HAYDEN — Jeanne Bock, director of the Panhandle Health District since 2001, will retire this fall after 24 years of public health service in Idaho’s five northern counties.

The Board of Health accepted her retirement notice March 25 and plans to hire her successor by August.

“I envision the health district as a little ship on a big ocean. We need a good captain or we’re in big trouble,” said Marlow Thompson, chairman of the Board of Health. “Jeanne is a good captain, knows the direction to go, holds steady to her course, is willing to hit the big waves head on and works well with the crew.”

Under Bock’s leadership, the health district consolidated public health services scattered throughout Kootenai County into one environmentally efficient new building in Hayden.

PHD replaced the office building it had outgrown in St. Maries with a new building that is equipped to serve as an emergency operations center for Benewah County.

On Bock’s watch, PHD helped end a decades-old practice of residents discharging household waste directly into Shoshone County’s Canyon Creek. Success was the result of a collaborative effort involving PHD, the Idaho Department of Environmental Quality, Shoshone County commissioners and Burke Canyon residents.

“Jeanne deals with people on a rational rather than emotional basis and that’s enabled her to accomplish quite a bit for public health,” Thompson said.

Bock also oversaw the creation of Idaho’s first and only Aquifer Protection District. The special district PHD proposed to protect drinking water in perpetuity won overwhelming public support and became a role model for the state.

“I will miss the responsibility of making decisions I can see will benefit the district,” Bock said. “My executive staff and managers provide excellent input.’’

One of those decisions was to create the Panhandle Public Health Foundation, now called Project Health, with former PHD director Kay Kindig.

The foundation raises money from annual book sales and bike rides to support programs that promote public health in the five northern counties. This year’s bike ride, Pedalin’ for Project Health, is scheduled for June 5.

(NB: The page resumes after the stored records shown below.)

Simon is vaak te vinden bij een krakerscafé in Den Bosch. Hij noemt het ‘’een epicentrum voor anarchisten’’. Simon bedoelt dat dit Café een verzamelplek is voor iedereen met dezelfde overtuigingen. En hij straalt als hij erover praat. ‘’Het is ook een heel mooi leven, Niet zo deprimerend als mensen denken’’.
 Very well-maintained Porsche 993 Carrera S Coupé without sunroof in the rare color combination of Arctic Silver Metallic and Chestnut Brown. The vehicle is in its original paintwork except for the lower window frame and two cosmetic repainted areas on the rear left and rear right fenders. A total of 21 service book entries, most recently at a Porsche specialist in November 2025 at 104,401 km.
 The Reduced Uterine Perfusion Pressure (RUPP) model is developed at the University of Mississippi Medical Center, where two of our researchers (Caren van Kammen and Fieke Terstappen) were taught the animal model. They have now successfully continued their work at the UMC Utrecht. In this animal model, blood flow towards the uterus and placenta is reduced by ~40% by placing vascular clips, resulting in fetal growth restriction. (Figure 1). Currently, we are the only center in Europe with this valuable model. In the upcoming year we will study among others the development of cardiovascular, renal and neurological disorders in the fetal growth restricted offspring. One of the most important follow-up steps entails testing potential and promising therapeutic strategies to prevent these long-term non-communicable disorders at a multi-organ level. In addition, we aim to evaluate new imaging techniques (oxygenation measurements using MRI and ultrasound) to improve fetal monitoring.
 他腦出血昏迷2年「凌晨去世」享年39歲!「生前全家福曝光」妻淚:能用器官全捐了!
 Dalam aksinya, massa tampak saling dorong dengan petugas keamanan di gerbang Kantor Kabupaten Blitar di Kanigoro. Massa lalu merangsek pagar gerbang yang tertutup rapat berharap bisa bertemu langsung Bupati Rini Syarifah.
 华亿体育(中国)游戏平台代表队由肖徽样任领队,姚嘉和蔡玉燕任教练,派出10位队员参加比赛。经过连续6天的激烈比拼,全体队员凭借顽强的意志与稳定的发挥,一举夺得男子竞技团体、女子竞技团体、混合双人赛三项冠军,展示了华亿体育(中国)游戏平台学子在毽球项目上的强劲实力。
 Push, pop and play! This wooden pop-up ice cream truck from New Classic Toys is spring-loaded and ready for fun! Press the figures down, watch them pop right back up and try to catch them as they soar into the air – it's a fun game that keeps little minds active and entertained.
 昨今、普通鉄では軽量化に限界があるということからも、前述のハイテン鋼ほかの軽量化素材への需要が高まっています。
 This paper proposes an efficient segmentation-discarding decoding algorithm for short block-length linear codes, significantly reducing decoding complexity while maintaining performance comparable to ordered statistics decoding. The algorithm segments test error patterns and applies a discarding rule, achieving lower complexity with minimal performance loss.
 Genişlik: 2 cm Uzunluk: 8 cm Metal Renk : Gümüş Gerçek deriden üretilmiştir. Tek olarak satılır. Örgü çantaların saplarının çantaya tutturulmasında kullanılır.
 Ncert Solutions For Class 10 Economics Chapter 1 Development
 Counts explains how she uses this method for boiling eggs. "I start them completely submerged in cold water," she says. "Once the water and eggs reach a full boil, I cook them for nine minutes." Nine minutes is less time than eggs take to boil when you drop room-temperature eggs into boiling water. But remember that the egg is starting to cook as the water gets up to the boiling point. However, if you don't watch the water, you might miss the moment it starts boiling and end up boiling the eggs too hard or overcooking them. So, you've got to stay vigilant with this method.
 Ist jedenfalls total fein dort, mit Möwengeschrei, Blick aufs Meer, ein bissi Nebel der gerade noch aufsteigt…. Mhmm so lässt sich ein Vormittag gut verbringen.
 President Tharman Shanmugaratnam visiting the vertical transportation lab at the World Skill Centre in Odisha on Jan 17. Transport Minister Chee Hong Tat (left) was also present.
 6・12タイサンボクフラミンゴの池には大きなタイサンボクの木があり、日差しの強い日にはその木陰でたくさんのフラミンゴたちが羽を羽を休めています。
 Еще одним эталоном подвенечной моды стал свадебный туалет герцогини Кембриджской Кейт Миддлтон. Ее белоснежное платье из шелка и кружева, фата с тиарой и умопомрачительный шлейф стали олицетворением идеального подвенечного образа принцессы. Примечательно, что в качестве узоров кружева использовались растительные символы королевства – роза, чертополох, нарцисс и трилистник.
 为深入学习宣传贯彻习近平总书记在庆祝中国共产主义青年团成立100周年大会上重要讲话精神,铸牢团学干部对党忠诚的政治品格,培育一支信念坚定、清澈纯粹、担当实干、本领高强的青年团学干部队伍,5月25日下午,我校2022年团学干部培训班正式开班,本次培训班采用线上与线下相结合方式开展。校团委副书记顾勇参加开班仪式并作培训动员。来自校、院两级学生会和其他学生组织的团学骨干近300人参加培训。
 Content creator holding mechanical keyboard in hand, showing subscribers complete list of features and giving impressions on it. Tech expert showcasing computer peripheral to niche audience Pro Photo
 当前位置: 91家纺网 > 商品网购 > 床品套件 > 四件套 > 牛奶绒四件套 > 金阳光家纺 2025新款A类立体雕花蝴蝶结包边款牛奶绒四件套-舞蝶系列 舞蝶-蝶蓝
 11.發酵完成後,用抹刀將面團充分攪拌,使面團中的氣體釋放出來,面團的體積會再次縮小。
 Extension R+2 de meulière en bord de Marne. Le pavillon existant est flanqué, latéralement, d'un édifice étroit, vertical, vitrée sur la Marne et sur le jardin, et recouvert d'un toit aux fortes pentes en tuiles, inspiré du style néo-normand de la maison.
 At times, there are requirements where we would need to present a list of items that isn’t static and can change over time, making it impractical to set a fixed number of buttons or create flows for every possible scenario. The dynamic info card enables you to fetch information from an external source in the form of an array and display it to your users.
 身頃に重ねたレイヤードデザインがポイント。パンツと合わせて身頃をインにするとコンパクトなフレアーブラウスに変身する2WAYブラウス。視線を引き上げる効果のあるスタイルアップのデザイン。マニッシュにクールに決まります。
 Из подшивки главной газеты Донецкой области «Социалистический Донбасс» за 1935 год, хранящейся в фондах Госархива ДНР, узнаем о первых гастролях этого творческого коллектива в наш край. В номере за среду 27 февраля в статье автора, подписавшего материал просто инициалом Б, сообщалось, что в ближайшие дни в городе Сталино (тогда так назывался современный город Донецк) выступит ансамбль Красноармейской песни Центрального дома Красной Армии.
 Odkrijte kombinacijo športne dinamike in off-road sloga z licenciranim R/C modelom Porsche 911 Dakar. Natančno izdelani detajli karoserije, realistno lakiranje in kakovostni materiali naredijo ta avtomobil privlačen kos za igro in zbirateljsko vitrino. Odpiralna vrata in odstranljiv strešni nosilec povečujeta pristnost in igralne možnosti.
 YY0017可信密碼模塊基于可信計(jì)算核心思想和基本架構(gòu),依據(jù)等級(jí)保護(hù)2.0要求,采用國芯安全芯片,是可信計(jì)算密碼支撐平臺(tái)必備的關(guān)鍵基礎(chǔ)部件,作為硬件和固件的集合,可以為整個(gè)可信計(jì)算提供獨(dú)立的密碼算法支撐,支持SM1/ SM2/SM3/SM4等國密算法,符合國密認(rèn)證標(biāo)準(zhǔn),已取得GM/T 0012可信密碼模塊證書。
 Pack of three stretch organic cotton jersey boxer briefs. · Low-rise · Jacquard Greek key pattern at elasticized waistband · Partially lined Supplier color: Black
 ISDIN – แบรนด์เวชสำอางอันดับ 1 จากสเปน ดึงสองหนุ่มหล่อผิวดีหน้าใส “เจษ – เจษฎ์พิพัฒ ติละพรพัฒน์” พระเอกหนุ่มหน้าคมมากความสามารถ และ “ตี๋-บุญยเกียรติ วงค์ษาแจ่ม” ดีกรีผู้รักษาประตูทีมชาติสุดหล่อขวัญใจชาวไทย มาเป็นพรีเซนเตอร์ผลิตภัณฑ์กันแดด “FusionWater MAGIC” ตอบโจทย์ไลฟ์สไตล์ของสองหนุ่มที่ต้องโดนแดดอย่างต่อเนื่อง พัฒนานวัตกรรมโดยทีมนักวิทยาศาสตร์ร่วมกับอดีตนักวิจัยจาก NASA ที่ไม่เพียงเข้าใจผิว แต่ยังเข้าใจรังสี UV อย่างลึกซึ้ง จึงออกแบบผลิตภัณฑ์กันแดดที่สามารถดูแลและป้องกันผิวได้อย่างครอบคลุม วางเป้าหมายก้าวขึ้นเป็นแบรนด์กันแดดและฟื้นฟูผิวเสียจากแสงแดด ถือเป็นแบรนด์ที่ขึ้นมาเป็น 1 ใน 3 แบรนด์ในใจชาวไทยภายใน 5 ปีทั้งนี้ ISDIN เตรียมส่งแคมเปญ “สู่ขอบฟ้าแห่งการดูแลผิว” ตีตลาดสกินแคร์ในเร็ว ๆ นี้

Bock, a native of Coeur d’Alene, earned her master’s degree in nursing from Whitworth College. She joined the health district in June 1986 as a home health nurse in Sandpoint.

As a community health nurse, she presented an Adolescent Health Education Conference for local teens for six years, bringing to the area national speakers on teen-related health issues. She also taught Sandpoint sixth-graders about puberty.

“Priceless. I enjoyed that part of my career,” she said. “Health district services were more individual-oriented then. We’ve switched to focusing on the population as a whole.”

As director of PHD’s Family and Community Health Division, Bock was honored by the state in 1996 for her work to raise immunization rates. An invitation followed to exhibit the Children’s Healthy Start Idaho Immunization Project at the Presidential Summit in Philadelphia the next year.

The Board of Health agreed in 2001 that Bock’s experience and working knowledge of PHD were just what the health district needed in a director.

“She brought leadership and stability and helped move the health district forward,” Thompson said.

Bock will leave the district at the end of October. Her successor will face challenges that range from working with a board appointed by commissioners from five counties to figuring out how to provide vital health services with shrinking budgets.

“Communication skills are vital, being able to work with partners is important, and being able to see things in different perspectives — being able to realize there are other ways to get where you want to go — are all skills a director needs,” she said.

A new director also will face the challenge of preserving health districts as they now exist in Idaho, Thompson said.

“Legislators forget that other states look at Idaho’s public health district system with envy,” he said. “We need someone who understands the mission of public health, someone for the long haul with experience and a track record.

“A lot Jeanne has done will make it easier for her successor. We will miss her.”